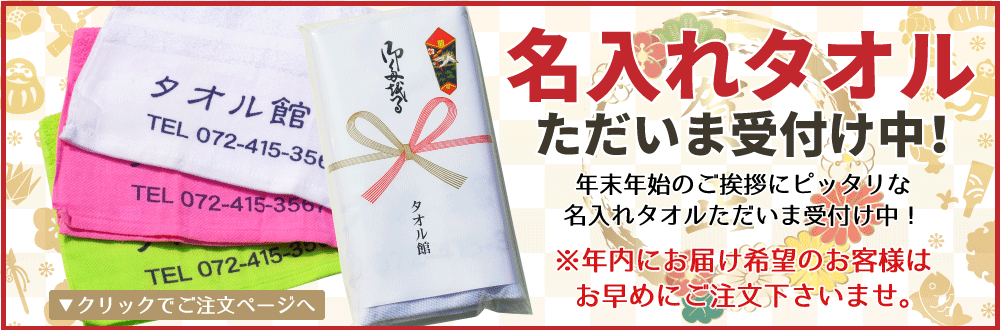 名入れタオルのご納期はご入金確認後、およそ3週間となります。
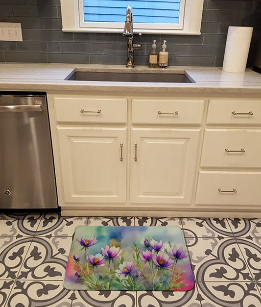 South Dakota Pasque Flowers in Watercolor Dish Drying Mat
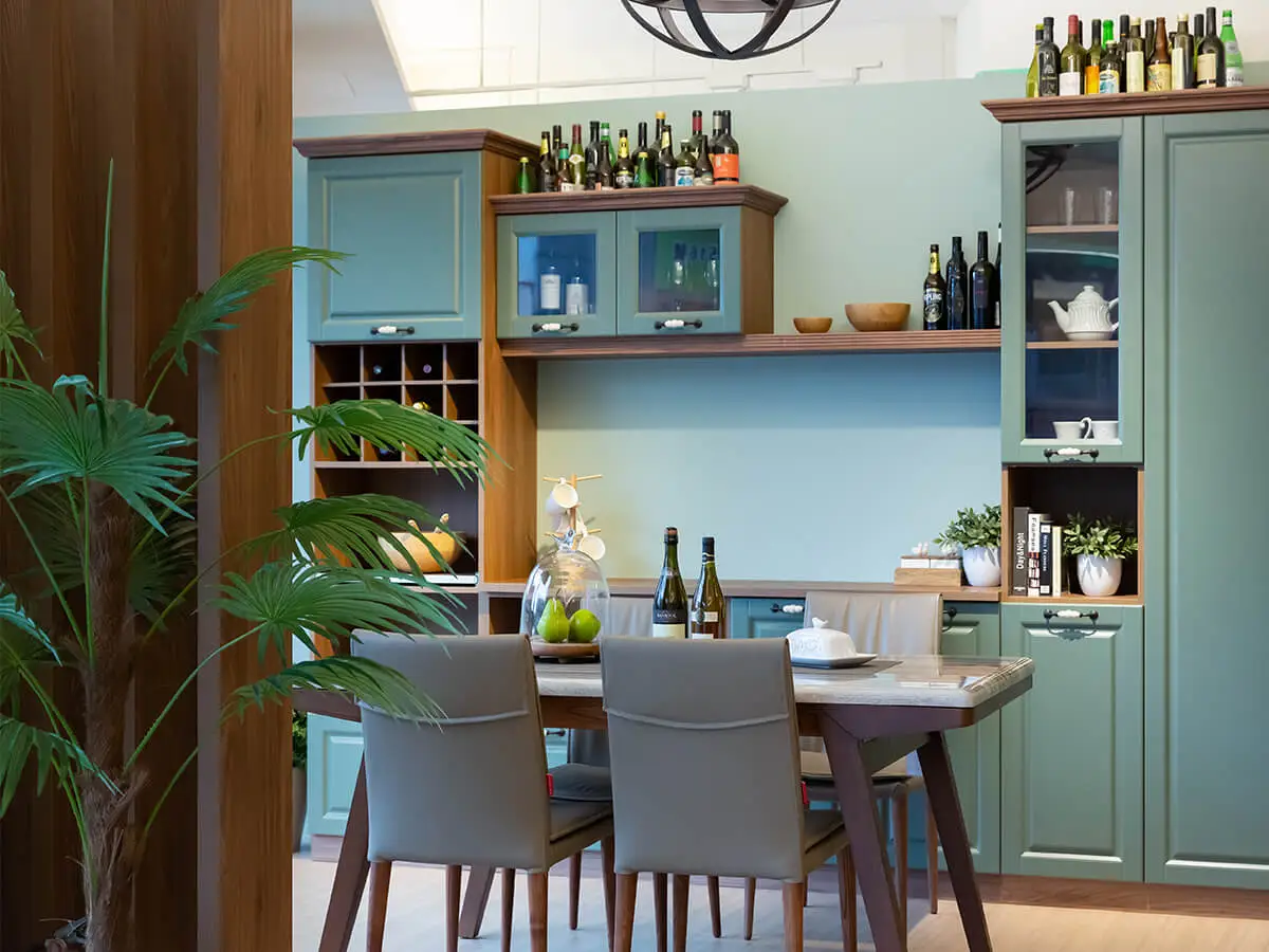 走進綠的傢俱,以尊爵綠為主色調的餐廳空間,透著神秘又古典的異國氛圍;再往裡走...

* WHAT YOU WILL DO
Your answer must reproduce exactly the lines from the line with "South Dakota Pasque" through the end of the material, both ends included, with every picture dropped.

* OUTPUT OF THE EXERCISE
 South Dakota Pasque Flowers in Watercolor Dish Drying Mat
 走進綠的傢俱,以尊爵綠為主色調的餐廳空間,透著神秘又古典的異國氛圍;再往裡走...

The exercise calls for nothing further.